§ **TASK OBJECTIVE**
From the first line of the listing below, retype each line up to and including the one with "Give your furry"; pictures stay out.

Top of GIVEN RECORDS

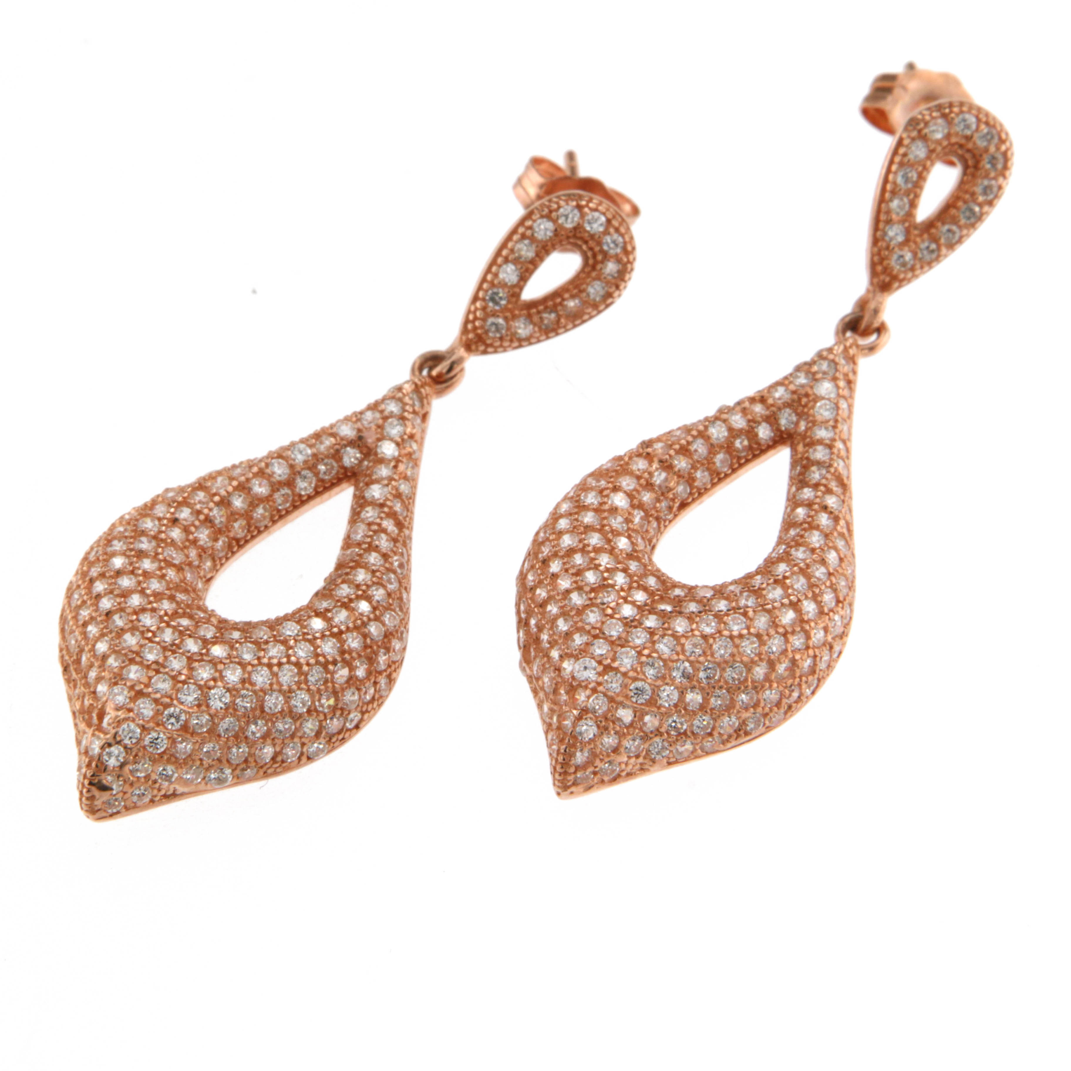 Обеци от " Jacklin hugasian " в розово сребро с цирконий.
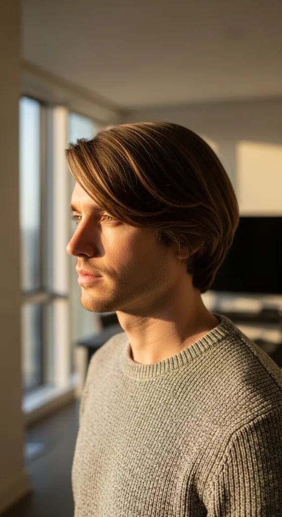 Barber Suggestion: Ask your barber for long feathered layers starting near the crown. This helps the hair flow naturally instead of sitting heavy, which keeps the bangs light and moving throughout the day.
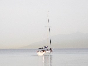 Taxi back down the Kardamena and we dumped the stuff in the hotel where we were overnighting and then ambled down to the seafront for a drink and a meal. It was very relaxing sitting waiting for the meal and chatting. The boat and the calm sea which Tim spotted just about summed up the mood.
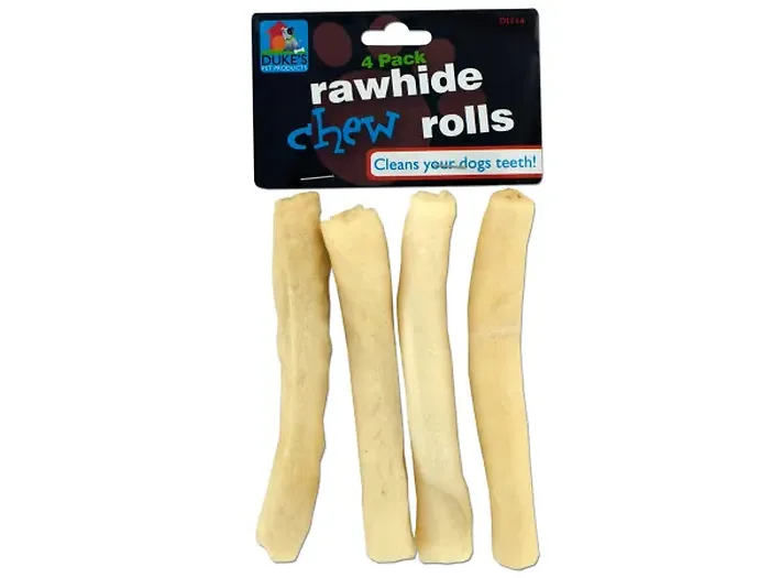 Give your furry friend a treat they will love with our Natural Rawhide Roll Chews! This pack of 4 rolled chews is designed to keep your dog's teeth and gums healthy while they enjoy a tasty snack. Each roll is approximately 5 1/2" long and comes conveniently packaged in a vinyl bag with a header card, making it perfect for storage or gifting.
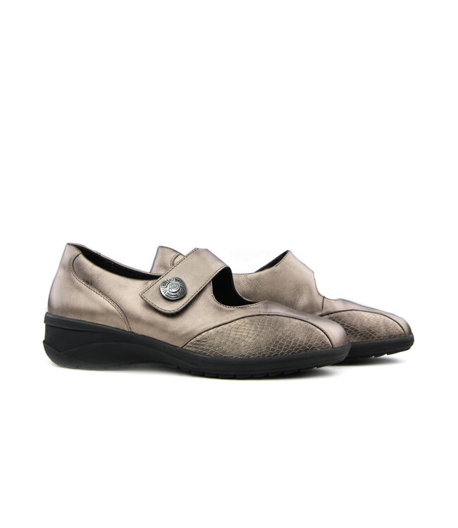 Bronze leather Solidus strap shoes for stylish ladies. They have a lizard print on the sides of the instep, a beautiful decorative button on the strap, and subtle stitching lines. The refined fit and sturdy lightweight sole make the strap shoes super comfortable on your feet. The Velcro strap makes them easy to put on and take off. The whole look is stylish, chic, and easy to match.
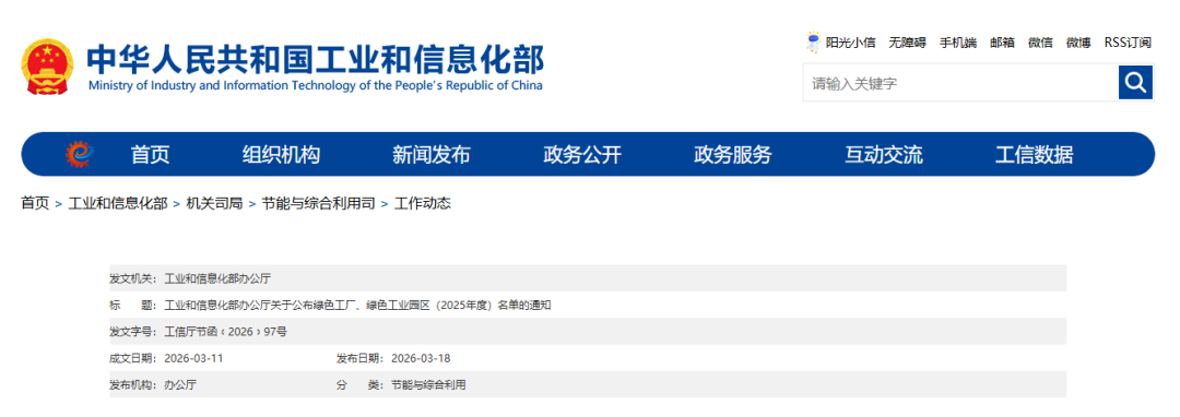 近日,工业和信息化部印发《工业和信息化部办公厅关于公布绿色工厂、绿色工业园区(2025年度)名单的通知》。2025年度绿色工厂、绿色工业园区名单总体情况经企业和园区自愿申报、省级工业和信息化主管部门推荐以及专家审核、公示等程序,确定2025年度名单,包括绿色工厂2038家、绿色工业园区128家。同时,按照《绿色工厂梯度培育及管理暂行办法》有关要求,组织各省级工信部门每年对已发布绿色工厂、绿色工业园
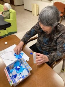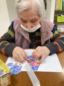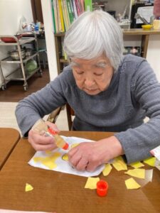 ひな祭りに向けて、まずは壁面飾り作りを皆様で行いました”
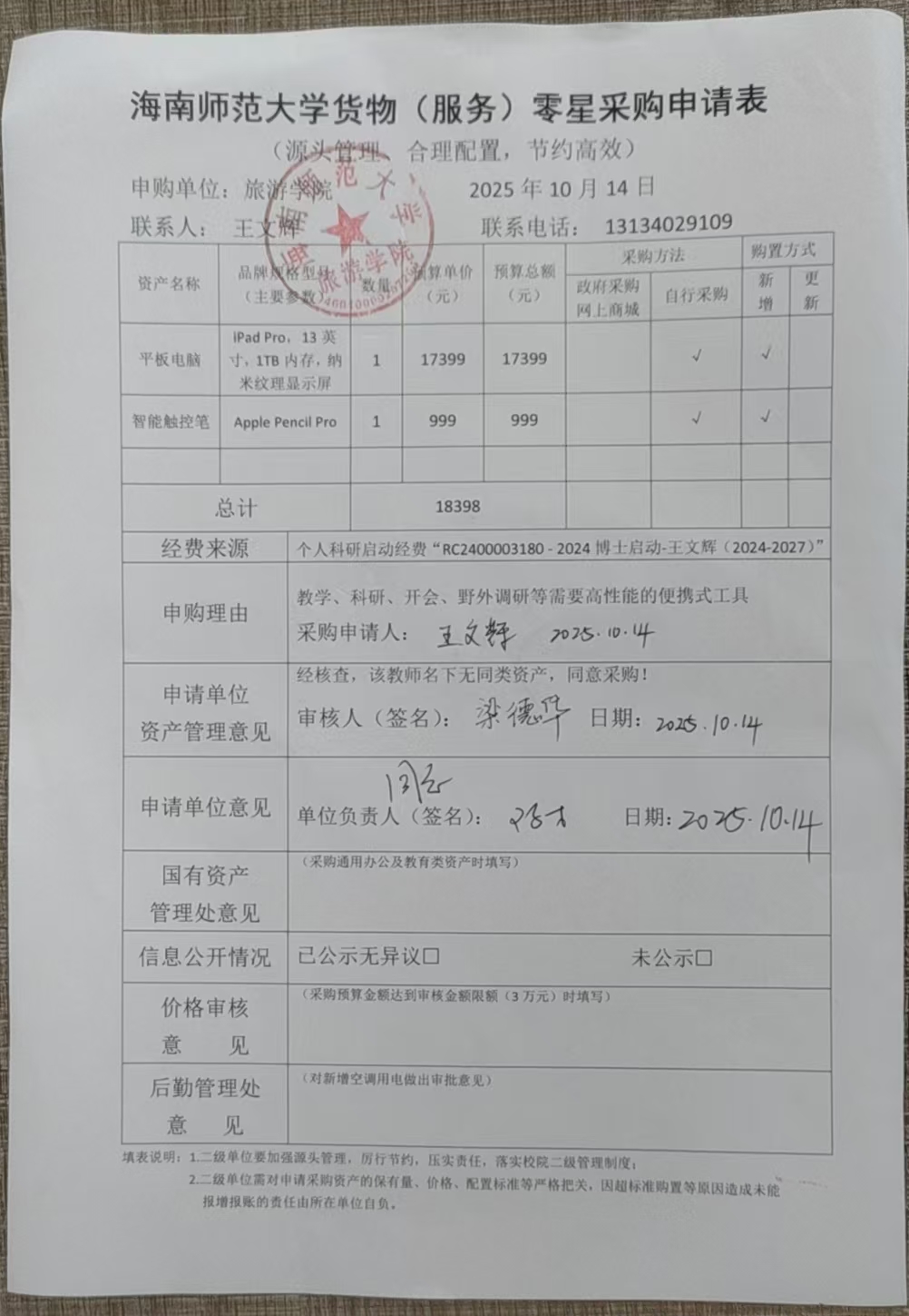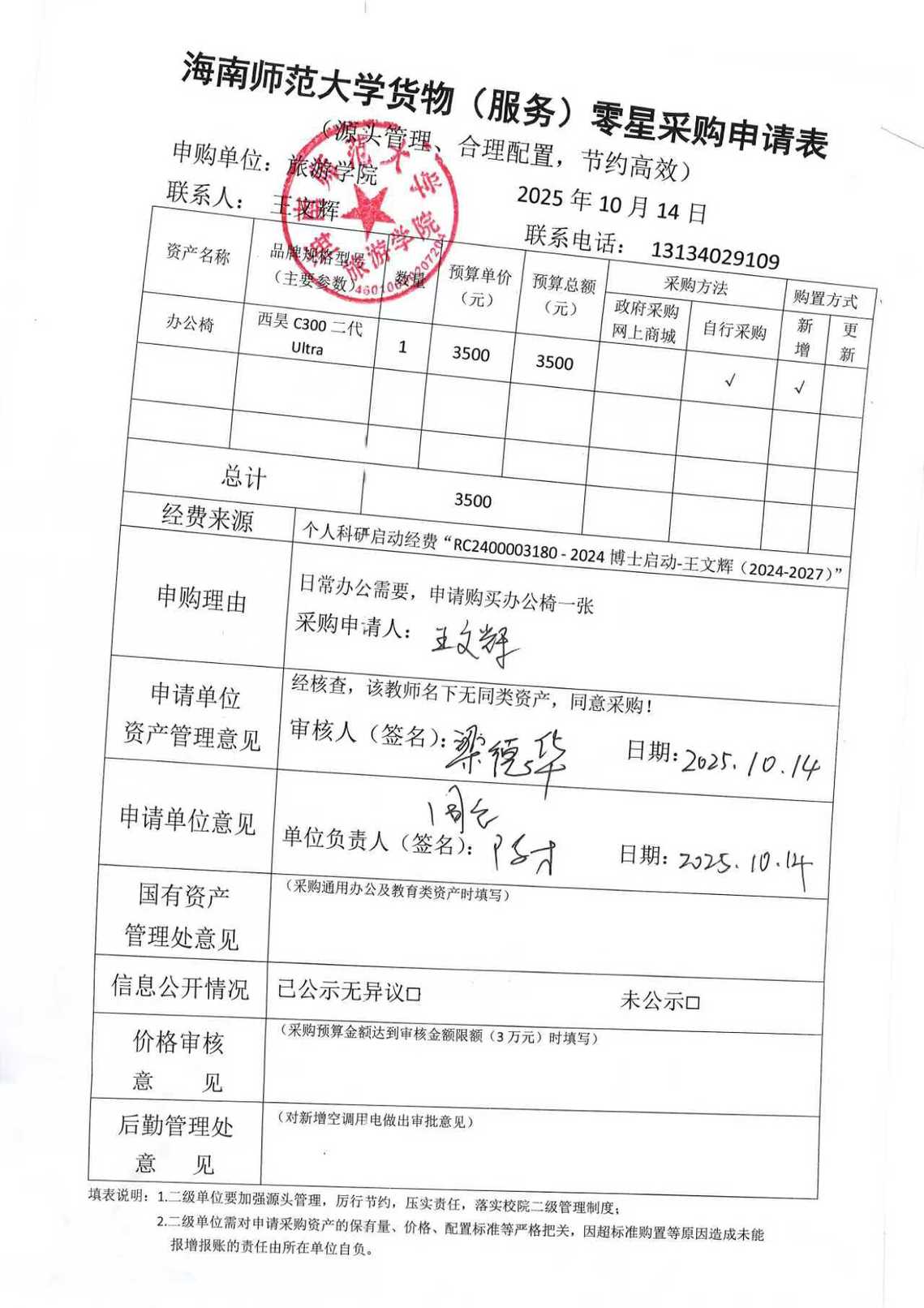 海南师范大学王文辉老师因办公、教学、科研工作需要购置以下设备,根据学校规定,对购置物品明细进行公示如下,如有疑议,请致电0898-65815316
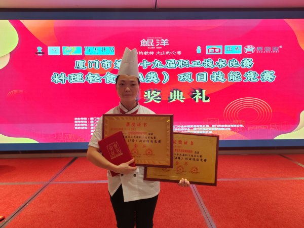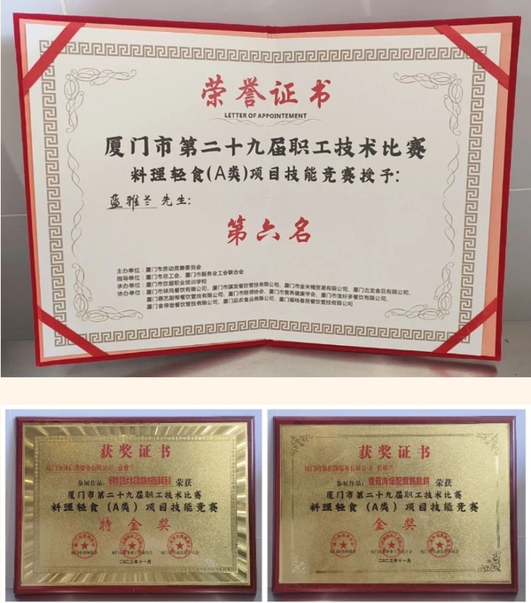 蓝雅兰斩获厦门市第二十九届职工技术比赛料理轻食 (A类) 项目技能竞赛特金奖及金奖,并获得本次竞赛第六名的好成绩。
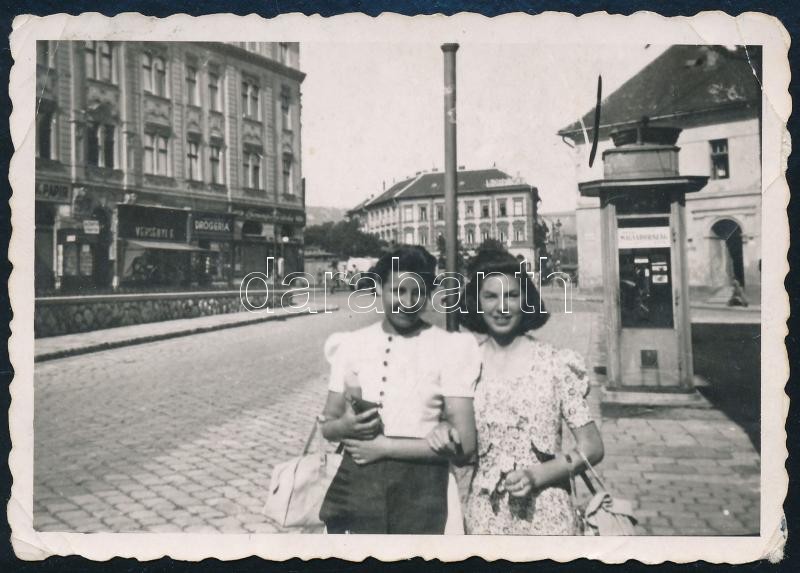 Leírás: 1940 Budapest, Széna tér hölgyekkel, feliratozott fotó, sarkán törésnyom, 6×8,5 cm

Bottom of GIVEN RECORDS

§ **EXERCISE RESULT**
 Обеци от " Jacklin hugasian " в розово сребро с цирконий.
 Barber Suggestion: Ask your barber for long feathered layers starting near the crown. This helps the hair flow naturally instead of sitting heavy, which keeps the bangs light and moving throughout the day.
 Taxi back down the Kardamena and we dumped the stuff in the hotel where we were overnighting and then ambled down to the seafront for a drink and a meal. It was very relaxing sitting waiting for the meal and chatting. The boat and the calm sea which Tim spotted just about summed up the mood.
 Give your furry friend a treat they will love with our Natural Rawhide Roll Chews! This pack of 4 rolled chews is designed to keep your dog's teeth and gums healthy while they enjoy a tasty snack. Each roll is approximately 5 1/2" long and comes conveniently packaged in a vinyl bag with a header card, making it perfect for storage or gifting.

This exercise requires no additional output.